I think you are under a slight misunderstanding. By default, the
"isThreadSafe" page directive is true. This means that the JSP code is
(supposed to be) thread-safe, and therefore the generated servlet does NOT
implement SingleThreadModel. The "isThreadSafe" directive equal to true is
not a guarantee by the system that your JSP will be implemented in a
thread-safe manner, rather it's the opposite; it's an assertion by you, the
JSP author, that there's nothing in your code that is not thread-safe
(thereby allowing the system to run that JSP in a multi-threaded manner). If
you do something in your JSP that is known to be not thread-safe, such as
using the <%! %> tag to declare a variable that you don't want concurrent
access to, then you need to set "isThreadSafe" to false. It is then that the
generated servlet will implement SingleThreadModel.

The "useBean" tag with no scope attribute gives you a method-local object,
which is thread-safe. Objects stored in the session scope are technically
not thread-safe in that there's no automatic mechanism that prevents them
from being accessed concurrently. In practice, however, if you assume that
the session mechansim is working correctly in your server, there should be
only one thread at a time for a particular session. Unless, of course, your
user decides to open another browser window to your application, and manages
to hit the "submit" button of the second window before the request from the
first window has finished.
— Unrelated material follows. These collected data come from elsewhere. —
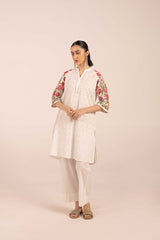 A classic-fit kurta features a band neckline with a front placket adorned in colorful stitching and subtle mukaish detailing. Sleeves are enhanced with vibrant gul bhaag embroidery and finished with delicate lace trim at the hems. Can be paired with any fits for chic look.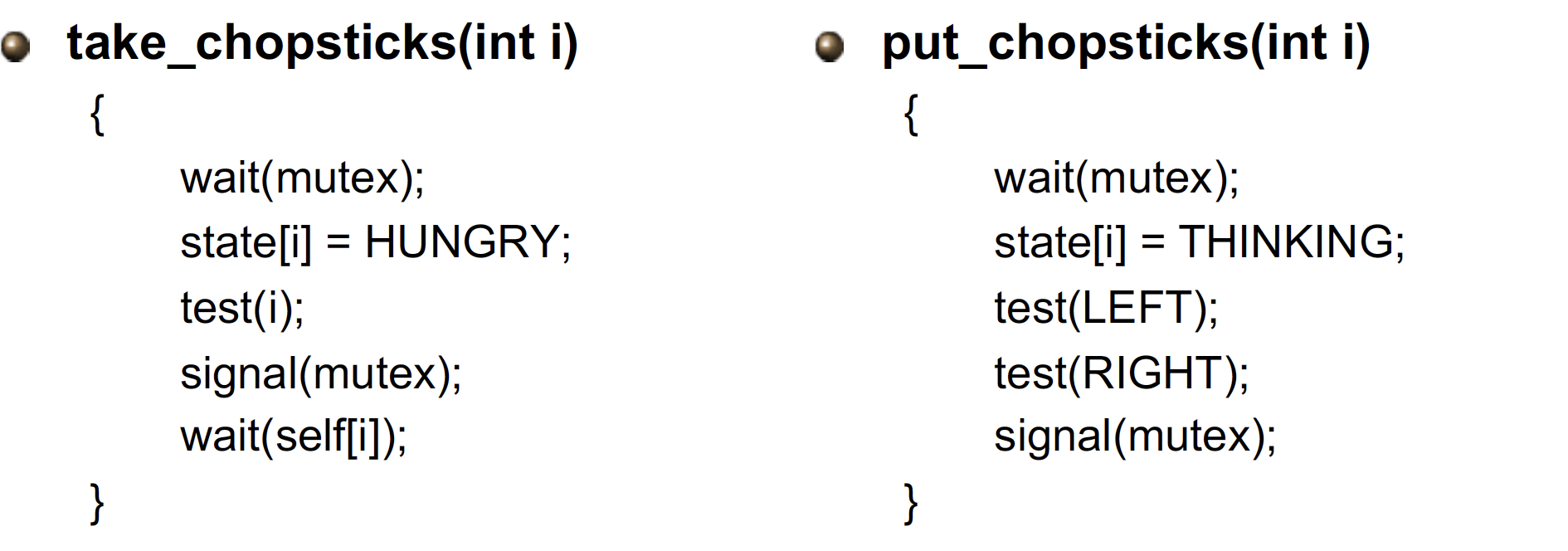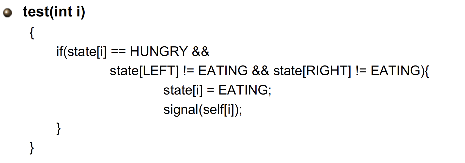 - test(i) : test를 수행한 철학자 i가 HUNGRY 상태이고, 양쪽의 철학자가 모두 젓가락을 집지 않은 상태 not EATING이면 take_chopsticks()에서 wait 했던 자신의 세마포 self[i]에 signal을 보내 eating 상태로 진행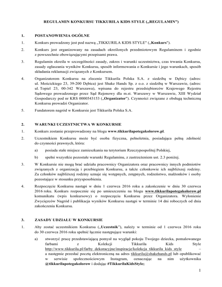 REGULAMIN KONKURSU TIKKURILA KIDS STYLE („REGULAMIN”) 1. POSTANOWIENIA OGÓLNE 1. Konkurs prowadzony jest pod nazwą „TIKKURILA KIDS STYLE" („Konkurs"). 2. Konkurs jest organizowany na zasadach określonych przedmiotowym Regulaminem i zgodnie z powszechnie obowiązującymi przepisami prawa. 3. Regulamin określa w szczególności zasady, zakres i warunki uczestnictwa, czas trwania Konkursu, zasady ogłaszania wyników Konkursu, sposób informowania o Konkursie i jego warunkach, sposób składania reklamacji związanych z Konkursem. 4. Organizatorem Konkursu na zlecenie Tikkurila Polska S.A. z siedzibą w Dębicy (adres: ul. Mościckiego 23, 39-200 Dębica) jest Shake Hands Sp. z o.o. z siedzibą w Warszawie, (adres: ul. Topiel 23, 00-342 Warszawa), wpisana do rejestru przedsiębiorców Krajowego Rejestru Sądowego prowadzonego przez Sąd Rejonowy dla m.st. Warszawy w Warszawie, XIII Wydział Gospodarczy pod nr KRS 0000543153 („Organizator"). Czynności związane z obsługą techniczną Konkursu prowadzi Organizator. 5. Fundatorem nagród w Konkursie jest Tikkurila Polska S.A. 2. WARUNKI UCZESTNICTWA W KONKURSIE 1. Konkurs zostanie przeprowadzony na blogu www.tikkurilapotegakolorow.pl. 2. Uczestnikiem Konkursu może być osoba fizyczna, pełnoletnia, posiadająca pełną zdolność do czynności prawnych, która: a) posiada stałe miejsce zamieszkania na terytorium Rzeczypospolitej Polskiej, b) spełni wszystkie pozostałe warunki Regulaminu, z zastrzeżeniem ust. 2.3 poniżej. 3. W Konkursie nie mogą brać udziału pracownicy Organizatora oraz pracownicy innych podmiotów związanych z organizacją i przebiegiem Konkursu, a także członkowie ich najbliższej rodziny. Za członków najbliższej rodziny uznaje się wstępnych, zstępnych, rodzeństwo, małżonków i osoby pozostające w stosunku przysposobienia. 4. Rozpoczęcie Konkursu nastąpi w dniu 1 czerwca 2016 roku a zakończenie w dniu 30 czerwca 2016 roku. Konkurs rozpocznie się po umieszczeniu na blogu www.tikkurilapotegakolorow.pl komunikatu (wpis konkursowy) o rozpoczęciu Konkursu przez Organizatora. Wyłonienie Zwycięzców Nagród i publikacja wyników Konkursu nastąpi w terminie 14 dni roboczych od dnia zakończenia Konkursu. 3. ZASADY UDZIAŁU W KONKURSIE 1. Aby zostać uczestnikiem Konkursu („Uczestnik”), należy w terminie od 1 czerwca 2016 roku do 30 czerwca 2016 roku spełnić łącznie następujące warunki: a) stworzyć pracę przedstawiającą pomysł na wygląd pokoju Twojego dziecka, pomalowanego farbami z Kolekcji Tikkurila Kids Style http://www.tikkurila.pl/farby_dekoracyjne/inspiracje/kolekcja_tikkurila_kids_style – a następnie przesłać pocztą elektroniczną na adres [email protected] lub opublikować w serwisie społecznościowym Instagram, oznaczając na nim użytkownika @tikkurilapotegakolorow i dodając #TikkurilaKidsStyle; 1 b) do zgłoszenia załączyć opis, w tym w szczególności następujące informacje: (i) (ii) na jaki kolor chciałbyś przemalować pokój dziecka (pamiętaj, że wskazany kolor musi pochodzić z palety kolorów Tikkurila Kids Style), którą z farb z Kolekcji Tikkurila Kids Style tj. tablicową, magnetyczną, perłową czy świecącą w ciemności, uważasz za najciekawsze rozwiązanie do pokoju dziecięcego, c) (iii) które z farb z Kolekcji Tikkurila Kids Style tj. tablicowa, magnetyczna, perłowa czy świecąca w ciemności najbardziej przypadną do gustu Twojemu dziecku, (iv) uzasadnij krótko dlaczego to Ty powinieneś wygrać; przesłane zgłoszenia i komentarze muszą być efektem autorskiej pracy zgłaszającego. 2. Jeden Uczestnik może dokonać nie więcej niż trzech zgłoszeń konkursowych. W wypadku, gdy Uczestnik dokona więcej niż 3 (trzy) zgłoszenia, Organizator nie dopuści do Konkursu takiego dodatkowego zgłoszenia jako niezgodnego z Regulaminem. 3. Uczestnik przyjmuje do wiadomości, że praca konkursowa powinna spełniać poniższe warunki: a) praca konkursowa oraz opis jest wynikiem osobistej twórczości Uczestnika (Uczestnik jest autorem zdjęcia zgłoszonego przez niego do Konkursu oraz opisu dołączonego do pracy); b) zgłoszenie nie zawiera wulgaryzmów, treści obraźliwych, z obowiązującymi przepisami prawa lub dobrymi obyczajami; c) zgłoszenie nie zawiera treści reklamowych jakichkolwiek podmiotów, z wyłączeniem treści reklamowych dotyczących marki Tikkurila (nazwa lub logo innej marki lub produktu innej marki nie mogą być widoczne na zdjęciu ani użyte w opisie); oraz d) nie może naruszać praw osób trzecich, w tym autorskich praw osobistych i majątkowych osób trzecich, lub dóbr osobistych osób trzecich, a w przypadku, gdy zdjęcie lub opis zgłoszone przez uczestnika do Konkursu stanowią utwór, w rozumieniu ustawy z dnia 4 lutego 1994 r. o prawie autorskim i prawach pokrewnych, Uczestnikowi przysługują autorskie prawa majątkowe do takiego zdjęcia lub opisu. treści sprzecznych 4. Uczestnik zgłaszający swój udział w konkursie, w przypadku wygranej udziela Organizatorowi zgody na prezentowanie pracy konkursowej na profilach marki Tikkurila w mediach społecznościowych i blogu Tikkurila www.tikkurilapotegakolorow.pl oraz w materiałach reklamowych publikowanych w serwisach Facebook i Instagram. 5. Uczestnik jest zobowiązany do zapoznania się z Regulaminem, jak i jego ewentualnymi zmianami, które mogą być wprowadzone w trakcie trwania Konkursu. Przystąpienie do Konkursu poprzez wykonanie czynności, o których mowa w ust. 3.1 powyżej oznacza wyrażenie zgody na udział w Konkursie na zasadach określonych w Regulaminie i jest możliwe tylko i wyłącznie po wyrażeniu przez Uczestnika zgody na przetwarzanie danych osobowych przez Organizatora w zakresie określonym w Regulaminie oraz wiąże się z przekazaniem przez Uczestnika będącego autorem pracy konkursowej następujących danych osobowych Uczestnika: a) imię i nazwisko; b) nick w serwisie społecznościowym Instagram; c) adres e-mail;

But this is a pretty low probability event.

--Jim Preston

-----Original Message-----
From: A mailing list about Java Server Pages specification and reference
[mailto:[EMAIL PROTECTED]]On Behalf Of Panagiotis Konstantinidis
Sent: Friday, August 04, 2000 12:56 AM
To: [EMAIL PROTECTED]
Subject: JSP thread-safe


     By default servlets generated from JSP pages are thread-safe. I guess
that this means that the servlets generated implement the SingleThreadModel.

    My question is if requests to the same page will be serialized thus
decreasing site performance. And what if I don't compile JSP pages with
thread-safe enabled? For example as far as I know beans and variables
declared in JSP pages are within the scope of jsp_service method thus making
them local variables not affected by a call from another thread. So why not
use not thread-safe pages? Are beans in session scope affected?